- Film's poster
- Written by: Maya Nemoto
- Screenplay by: Jun Miura
- Directed by: Kiyotaka Taguchi
- Starring: Kanji Tsuda; Mark Chinnery; Mina Fujii; Kazuhiro Yoshida;
- Music by: Akira Ifukube (stock)
- Country of origin: Japan
- Original language: Japanese

Production
- Producers: Takuyuki Matsuno Shinji Higuchi
- Cinematography: Satoshi Murakawa
- Editor: Atsuki Sato
- Running time: 20 minutes
- Production company: NHK Productions

Original release
- Release: February 24, 2009

= Geharha: The Dark and Long Haired Monster =

2009 Television film directed by Kiyotaka Taguchi

Geharha: The Dark and Long Haired Monster (長髪大怪獣ゲハラ, Chōhatsu Daikaijū Gehara) is a 2009 Japanese made-for-television short kaiju film directed by Kiyotaka Taguchi. The film stars Kanji Tsuda, Mark Chinnery, Mina Fujii and Kazuhiro Yoshida as Geharha.

==Plot==
A gigantic, hairy monster attacks a fishing boat at sea. Dr Murakami suspects that the only survivor of the assault, who has lost all his hair, may be a Keukegen spectre, a shaggy supernatural creature based on Japanese folklore. Hideo Akihara discovers several worshippers and learns that an ancient seal containing the monster has been broken after hearing the announcement at a forest shrine dedicated to the Keukegen Geharha.

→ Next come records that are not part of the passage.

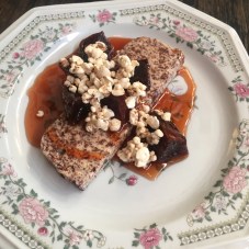 A delicious shriraz viognier from Yarra Yarra is chosen by Guy and we are on to the beef cheek which comes out looking more like fillet steak. What the chefs have done is freeze dry the slowly cooked cheek to form a disk, rather than present in the usual rustic way. It works, but it does lose some of the magic in my humble opinion. The Congo potato is raved about, which is probably not what the chefs had in mind (when you compare to the cheek), but it is definitely a generous and enjoyable way to end the savoury courses.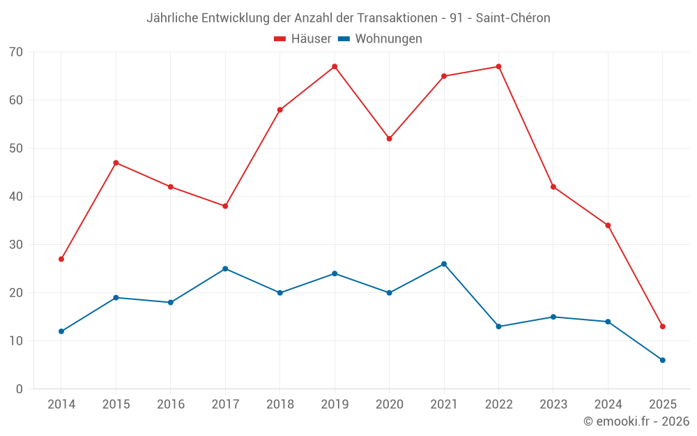 Der Durchschnittspreis auf den 27 Wohnungstransaktionen der letzten 24 Monate in der Gemeinde Saint-Chéron betrug 3 374 € pro Quadratmeter für einen mittleren Immobilienwert von 129 500 €. Über diesen Zeitraum hinweg lagen 60% der Transaktionen zwischen 2 849 und 4 082 € pro Quadratmeter (vom 2. bis zum 8. Dezil).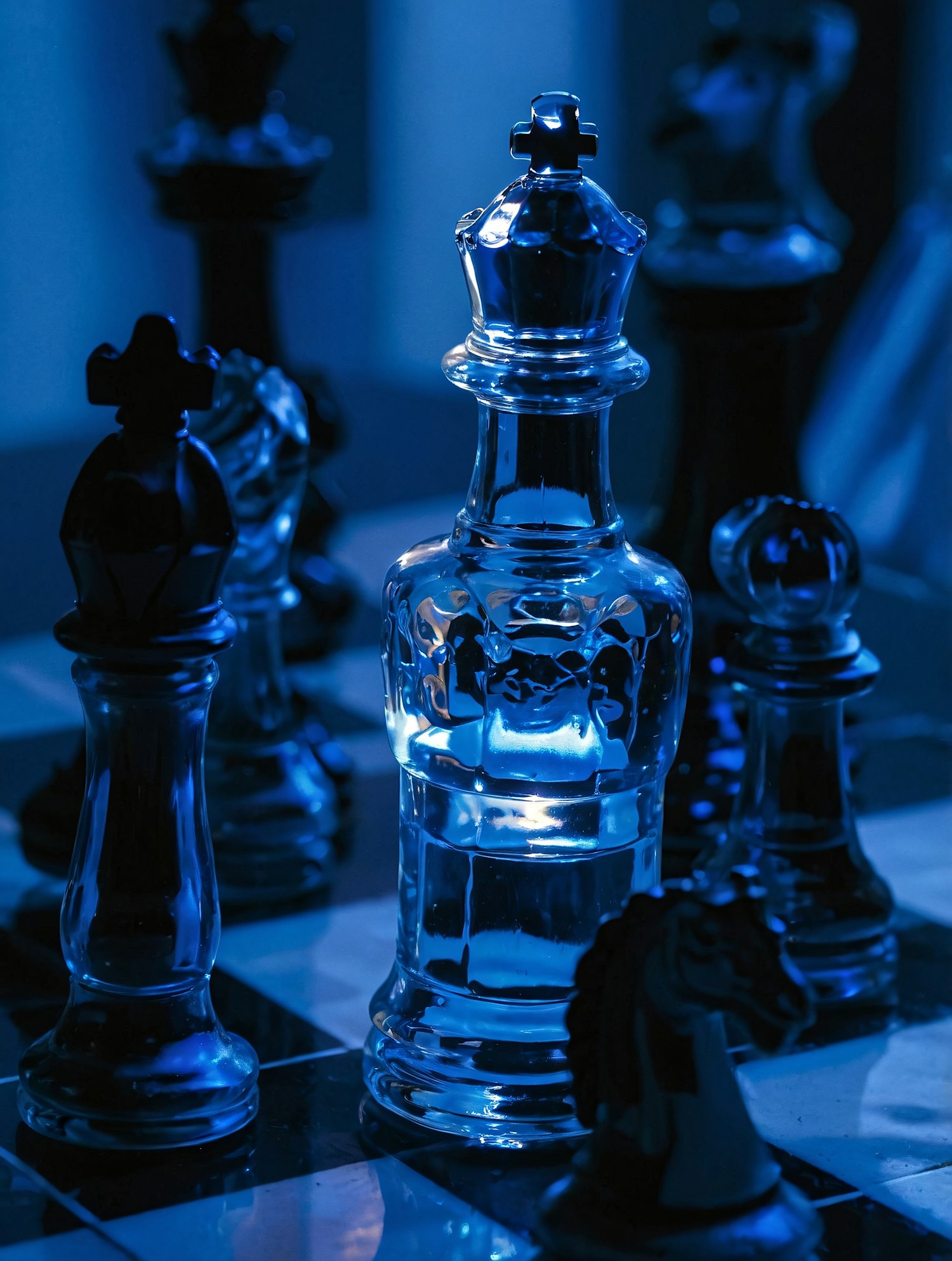 A glowing glass king chess piece surrounded by other pieces on a chessboard, illuminated by dramatic blue lighting.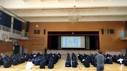 体育館では、2年生が進路学習をおこないました。

While Hideo continues his investigation, Geharha strikes a number of locations in Ishikawa Prefecture, gradually closing in on Kanazawa, the capital. While the Japanese Self Defense Force moves into the city to confront the monster, civilians are evacuated. Geharha's long hair cushions the blows of the armed forces when they attack with tanks and guns. The few wounds that the creature does receive emit a noxious gas that quickly overwhelms the military, forcing the JSDF commander to call for a retreat. A foreign consultant offers a new superweapon to use against Geharha... the Gas Vortical Device "Fujin".

==Cast==

- Kanji Tsuda as Fisherman Kubo
- Jiji-Boo as Doctor
- Kazuhiro Yoshida as Geharha
- Ken Osawa as Hideo Hagiwara
- Mina Fujii as Momoko Hagiwara
- Mark Chinery as Dr. Anderson
- Wakana Matsumoto as Signalman
- Keisaku Kimura as Signalman
- Mitsuko Oka as Tsuruko Hagiwara
- Shiro Sano as Dr. Murakami
- Tomorowo Taguchi as Shinto priest
- Kanji Tsuda as Fisherman Kubo
- Hiroyuki Watanabe as JSDF commander
- Pierre Taki as Tank Corps captain
- Terry Ito as Alien
- Akane Oshawa
- Yuri Morishita
- Yukihide Benny

==Home media==
On September 30, 2009, King Records released the director's cut on DVD and Blu-ray in Japan.